The 4th Amendment in the Internet
Privacy in the Age of the Net
"The
right of the people to be secure in their persons, houses, papers, and effects,
against unreasonable searches and seizures, shall not be violated."
Fourth Amendment of the U.S. Constitution
What people read, research or access remains a fundamental
matter of privacy. One should be able to access all constitutionally protected
information and at the same time feel secure that what one reads, researches
or finds through our Nation's libraries is no one's business but their own.

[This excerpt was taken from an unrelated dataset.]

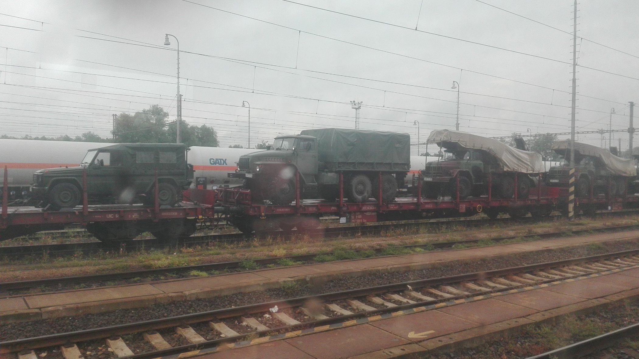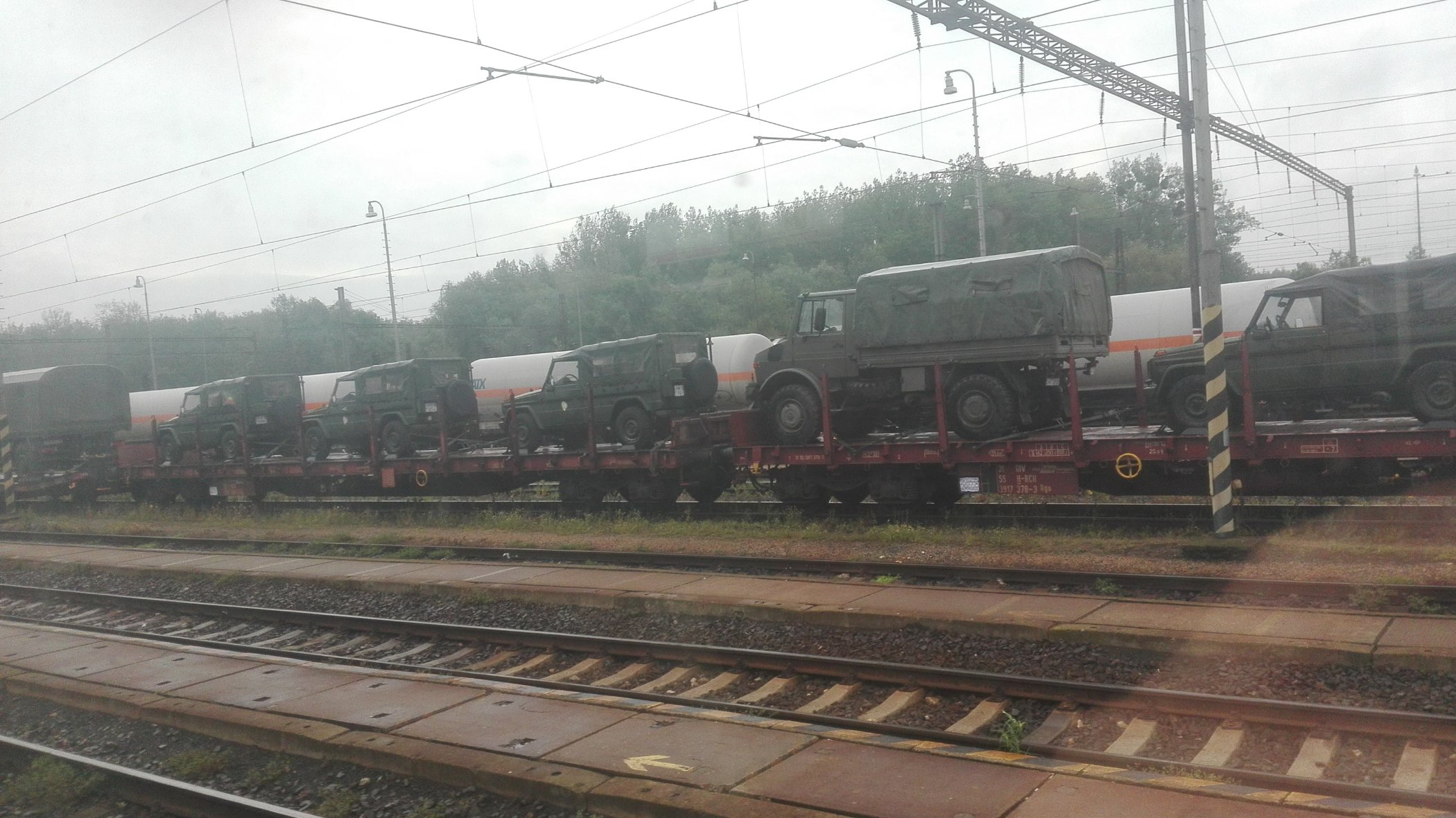 Zato maďari neriskovali a rakeťákov pekne navagónovali. Fotil som to minulý týždeň v stredu ráno v Kútoch. Asi šli na strelby na Balt. Čo ma zmiatlo boli český vojaci na peróne.

There are many privacy bills that have been introduced into recent Congresses
relating to business, health, student and other records. The expansion of
e-government, e-commerce, and other forms of electronic transactions, including
library services, raises serious questions for the library community in protecting
individual privacy, especially the privacy and confidentiality of library
patron records.
Not only the internet community is affected by "warrant-less" searches
and seizures. This practice has been going on in every cross section of the
population.
Police boast that their new technique, the "knock and talk" produces
thousands of warrant less "consensual" searches of private residences
every year. It goes like this: "Excuse me sir, /ma'm, but we'd just like
to come in and look around. It will go much easier for you than if you make
us get a warrant." Most folks make the mistake of letting them in. Can
it be that no one understands that the constitution is not a technicality
but the rules that tell the government what it can and can't do?
One thing it says for sure: with only the narrowest of exceptions, the police can't enter your home without a warrant.
The Constitution would not have been ratified by the individual states
without a Bill of Rights, and its Fourth Amendment contained very specific
restrictions on government search and seizure: a warrant that must list the
exact place and persons to be searched, and there must be probable cause to
believe a crime is being, has been, or will be committed.
One has the right to tell the police to get a search warrant before they can
enter your house and look around. How is it handled on the Internet? Should
agencies have the right to go through your mail? The controversy is that if
people get noticed before they get searched there is a good chance that they
will have time enough to get rid of the evidence, especially in the age of
the internet. Erased files and folders are irretrievably lost and cannot be
recovered. Should the 4th Amendment be modified for the internet generation?
It is certain that entering one's e-mail account is different than walking
into one's house. Nonetheless, it both violates the 4th Amendment if it is
done without a search warrant. There are certain states, e.g. California,
that allow their agencies to search homes of criminals without a warrant and
that could be used in the Internet world as well.